Read the current CLAUDE.md fully, then classify every section and line.

**KEEP** — information agents cannot reliably discover from code:

- Build / test / lint / dev-server commands (exact invocation form)
- Single-test-file execution example
- Non-obvious compiler/linter constraints (ones where the error message alone doesn't make the fix obvious)
- Module-level dependency constraints (what must NOT import what)
- Global / singleton state patterns and initialization order
- Non-obvious conventions (unit system, coordinate system, naming conventions)
- Separate entry-point URLs (one line each)
- Pointers to detailed docs (`docs/` etc.) — one or two lines maximum

**REMOVE** — information agents can discover by reading code or using tools:

- Directory structure / file trees (discoverable via Glob / ls)
- Type definitions, interfaces, enums (readable from source)
- Tool / API / endpoint tables (self-describing)
- Architecture overview prose (doesn't help agents find files faster)
- Implementation details (rendering pipelines, data format descriptions, etc.)
- Content duplicated from README.md or CONTRIBUTING.md
- Listings of files inside docs/ (keep only a pointer like "Detailed specs in `docs/`")
- Badges, logos, decorative formatting

### Step 7 — Generate optimized version

- Produce the optimized CLAUDE.md following the Output Template below.
- **Preserve the original language** of the file. If the original is in Japanese, the output must also be in Japanese. Do not translate.
- If a section would be empty after filtering, omit that section entirely.

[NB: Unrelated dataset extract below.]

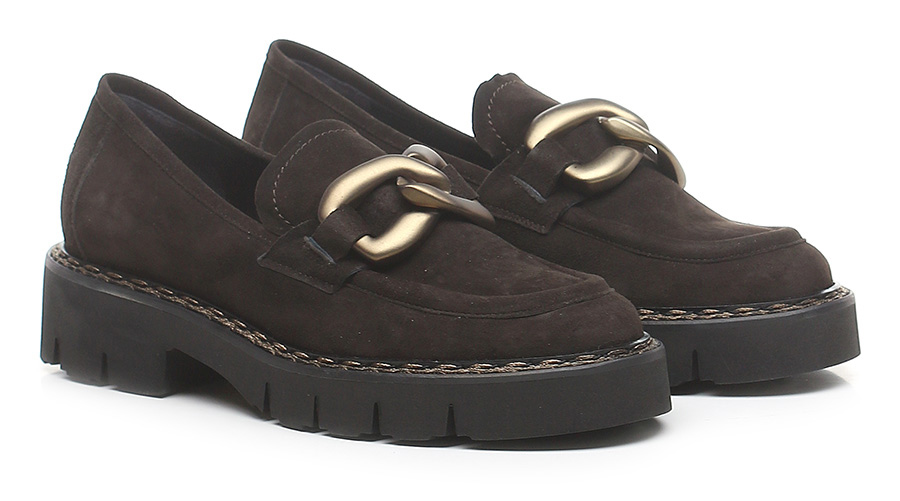 Suede shoe with front chain accessory and rubber sole. 40mm heel height, 25mm platform with 15mm ledge.

### Step 8 — Show diff and ask for confirmation

Present to the user:

1. A **before / after line count** (e.g., "92 lines → 38 lines").
2. The **full unified diff** between the original and optimized versions (use a fenced code block with `diff` syntax highlighting).
3. A **list of removed items** (brief summary of what was cut and why).
4. Ask: "Apply this optimization? (yes/no)"

**Do NOT write the file until the user confirms.**

### Step 9 — Write

After user approval, write the optimized content using the Write tool.

## Output Template

The optimized CLAUDE.md should follow this structure:

```
# CLAUDE.md

## Commands

(All build/test/lint/dev commands with exact invocation. Include a single-test example.)

## [Language/Tool] Constraints

(Non-obvious compiler, linter, or tooling constraints. Omit this section if there are none.)

## Architecture Rules

(Hard dependency constraints, singleton/state patterns, initialization order, conventions like unit systems. Only rules an agent could violate without this guidance.)

## References

(1-2 line pointers to docs/ or other detailed documentation. Omit if not applicable.)
```

## Quality Checks

Before presenting the diff, verify:

1. **Command coverage**: every command from the original CLAUDE.md is preserved in the optimized version (unless it was clearly wrong or obsolete).
2. **Line budget**: aim for 20–60 lines. If the result exceeds 60 lines, look for more content to cut. If under 15 lines, check whether important constraints were lost.
3. **No new content**: do not add information that was not in the original file (except for the section headers from the template).